Organizations must note that digital security tools like encryption and firewalls can’t prevent a support agent from copying data when paid off by a malicious actor. In this case, the attackers bypassed Coinbase’s digital defenses by targeting underpaid or under-supervised workers with access to sensitive data.

This incident raises a red flag for businesses worldwide: even the most advanced digital infrastructure can be compromised by a simple cash transaction.

 

Key questions for businesses

As attackers increasingly resort to social engineering and bribery, companies must ask themselves:

  • How secure are our people?
  • Are we monitoring access effectively?
  • Are our employees incentivized to protect user data?

If the answers to these questions are unclear or uncomfortable, it may be time to re-evaluate internal security practices.

 

The solution

Coinbase has taken immediate steps to strengthen its defenses:

  • Fired compromised agents
  • Reimbursed customers tricked through impersonation scams
  • Enforced additional identity verification for large withdrawals
  • Created a $20 million reward fund for information leading to the attackers’ arrest and conviction

But broader, long-term solutions are needed. These may include:

 

Stronger access controls and monitoring

Companies must adopt strict access control policies. Only employees who need specific data to perform their roles should be granted access to it. Additionally, real-time monitoring and behavior analytics can help flag unusual access patterns or data exfiltration attempts before damage occurs.

 

Employee vetting and ethics training

Comprehensive background checks and continuous ethics training can make employees more aware of the risks and responsibilities that come with data access. This includes both internal employees and third-party vendors and contractors.

 

Competitive compensation and incentives

One of the biggest motivators for accepting a bribe is financial strain. Ensuring fair compensation and offering bonuses tied to security compliance can reduce the temptation to sell access.

 

Anonymous reporting mechanisms

Organizations should implement secure, anonymous channels for reporting suspicious behavior or bribery attempts. This creates a culture of accountability and vigilance among employees.

 

Minimize data exposure

Segment data across systems and restrict access to the minimum necessary for each role. This limits the amount of information any one employee can access and reduces the fallout in the event of a breach.

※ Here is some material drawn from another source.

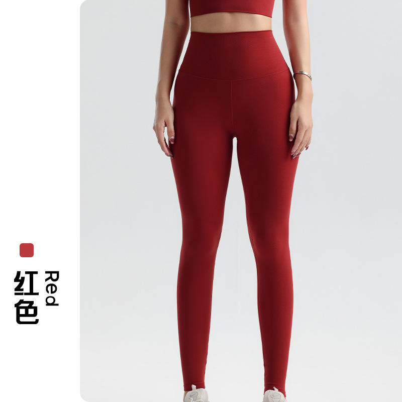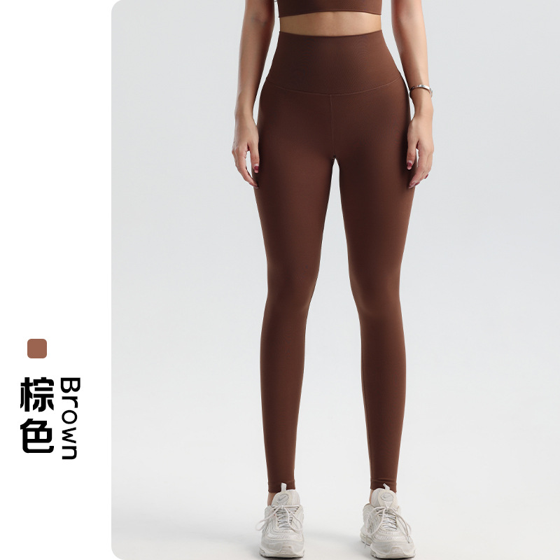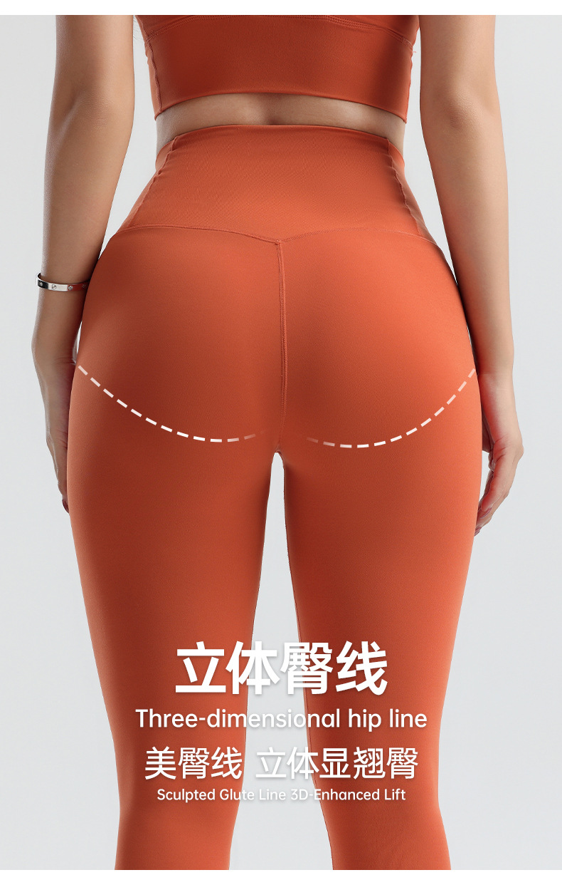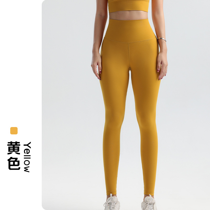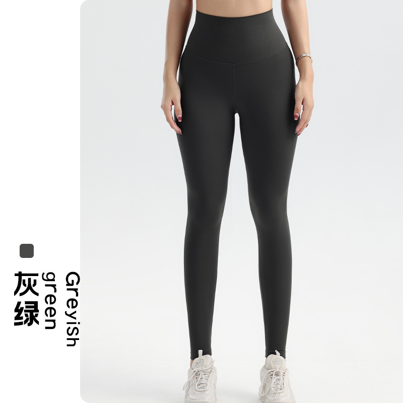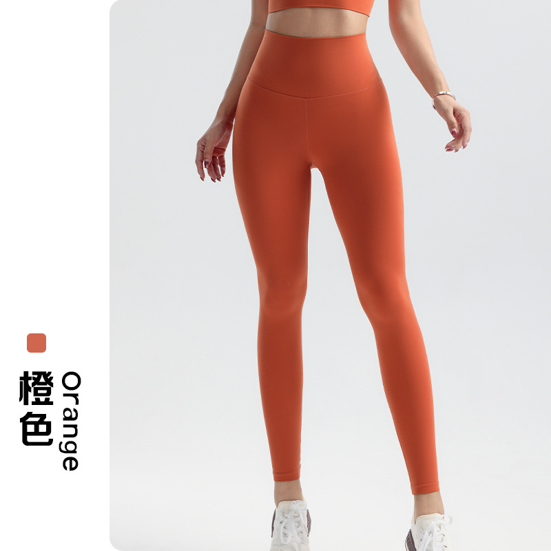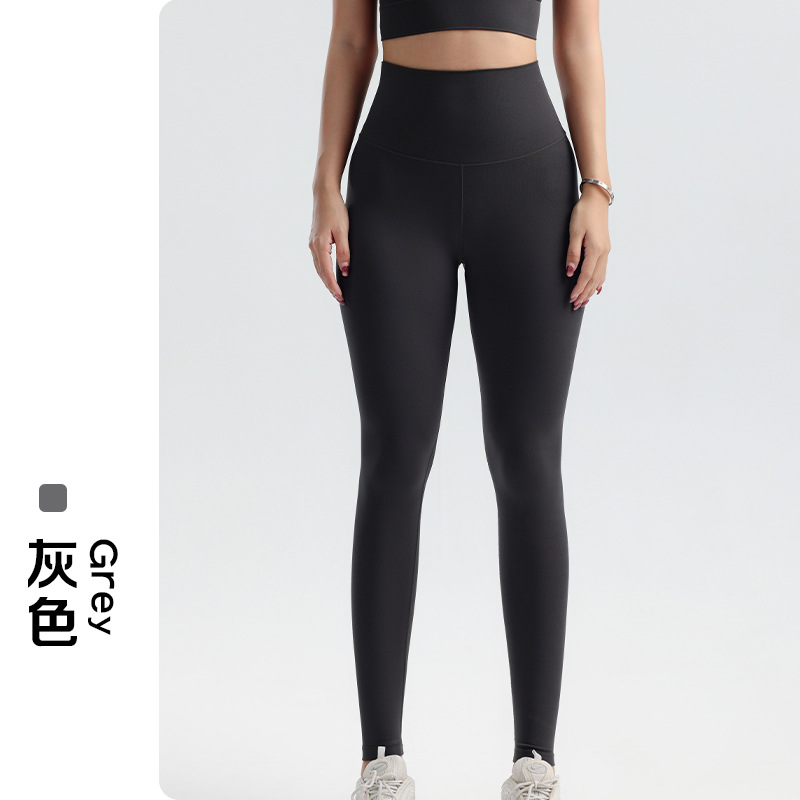 가을 겨울 아웃도어 베이스 레이어 누드 느낌 요가 팬츠, 유럽 및 미국 요가복, 하이웨이스트 피치 힙업 피트니스 팬츠, 여성용 긴바지, 고탄성
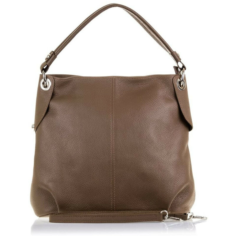 Borsa in pelle finitura Dollaro Scomparto principale e tasca posteriore con chiusura a zip. Interno foderato in tessuto con due scomparti separati da cerniera, tasca ausiliare laterale con la stessa chiusura e due scomparti aperti. Dispone di un manico flessibile con dettagli metallici decorativi vera pelle italiana

See also: HIPAA Compliant Email: The Definitive Guide (2025 Update)

 

FAQS

What is the long-term impact of such breaches?

Beyond financial loss, insider breaches can damage customer trust, tarnish brand reputation, and lead to regulatory scrutiny or legal consequences.

 

What can businesses do to prevent insider threats?

Best practices include enforcing access controls, monitoring employee activity, offering fair compensation, implementing ethics training, and using behavioral analytics to detect anomalies.

Read also: Mitigating the threat of insider data breaches in healthcare organizations

 

Are outsourced teams more vulnerable to insider threats?

Yes, outsourced or third-party teams may have less oversight, making them more susceptible to bribery or coercion if not properly vetted and monitored.